Two Body Wear Characteristics of Polyalthia Longifolia/Mangifera Indica/Jute Fiber Reinforced Epoxy Composites using Taguchi Technique

• Published in: Materials research (São Carlos, São Paulo, Brazil) Vol. 24; no. 2; p. e20200323
• Main Authors: Heckadka, Srinivas Shenoy, Nayak, Suhas Yeshwant, Rao, Sathish, Samant, Rashmi, L. K, Shrinidhi, Salunkhe, Krishna Manoj
• Format: Journal Article
• Language: English
• Published: Sao Carlos Universidade Federal do Sao Carlos, Departamento de Engenharia de Materiais 01.01.2021; ABM, ABC, ABPol; Associação Brasileira de Metalurgia e Materiais (ABM); Associação Brasileira de Cerâmica (ABC); Associação Brasileira de Polímeros (ABPol)
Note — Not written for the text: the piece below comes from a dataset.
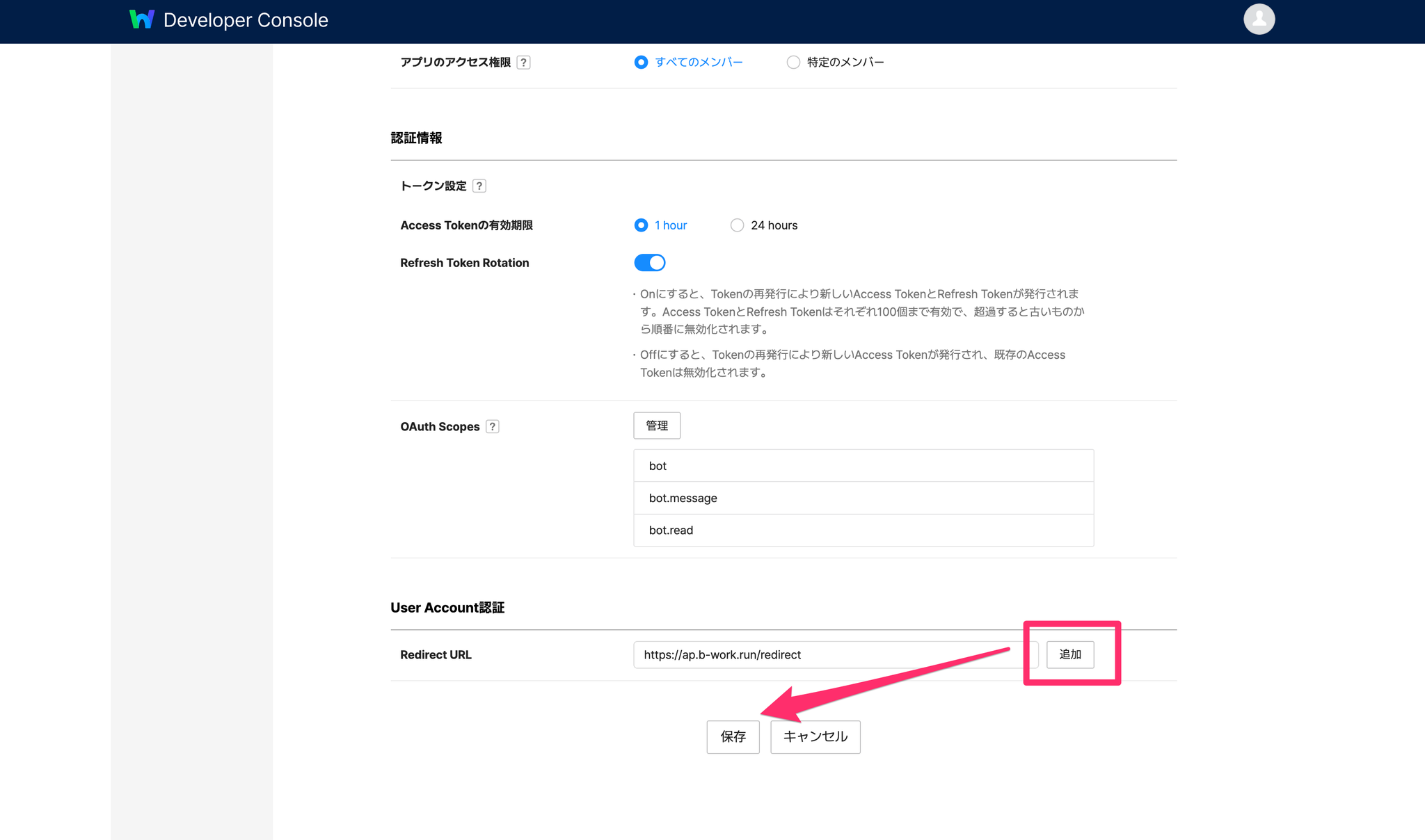 - 認証アプリの情報画面でOAuth Scopesとworkrunのredirect URLを設定して「保存」を押す。

• Subjects: Design of experiments; ENGINEERING, CHEMICAL; Epoxy; Fiber composites; Fiber pullout; Fiber reinforced polymers; Hand lay-up; Jute; Mangifera Indica; MATERIALS SCIENCE, MULTIDISCIPLINARY; METALLURGY & METALLURGICAL ENGINEERING; Orthogonal arrays; Photomicrographs; Polyalthia Longifolia; Pressure molding; Scanning Electron Microscopy; Sliding; Sliding wear; Taguchi; Taguchi methods; Wear mechanisms; Wear rate; Mangifera Indica; Polyalthia Longifolia; Sliding wear; Epoxy; Taguchi; Scanning Electron Microscopy; Jute
• ISSN: 1516-1439; 1980-5373; 1980-5373
• DOI: 10.1590/1980-5373-mr-2020-0323

This research work investigates the two body wear behavior of natural fiber reinforced composites using a pin on disc test set-up. Natural fibers such as Polyalthia Longifolia, Mangifera Indica and Jute were used as reinforcements with epoxy matrix. Four types of composites with 30% fiber weight fraction were fabricated using hand layup and compression molding technique. Taguchi experimental design with L16 orthogonal array was considered. Four factors viz. fiber type, normal load, sliding speed and sliding distance at four levels were analyzed for obtaining minimum specific wear rate. Normal load was the most significant factor influencing the response with percentage contribution of 56.21% while the least contribution was the factor sliding speed (2.30%). Based on the optimum combination, confirmation experiments were conducted, the results of which were obtained with a minimal error of 4.64%. Micrographs revealed different wear mechanisms like fiber-matrix de-bonding, fiber pull-out, matrix cracking, furrows and crater formation.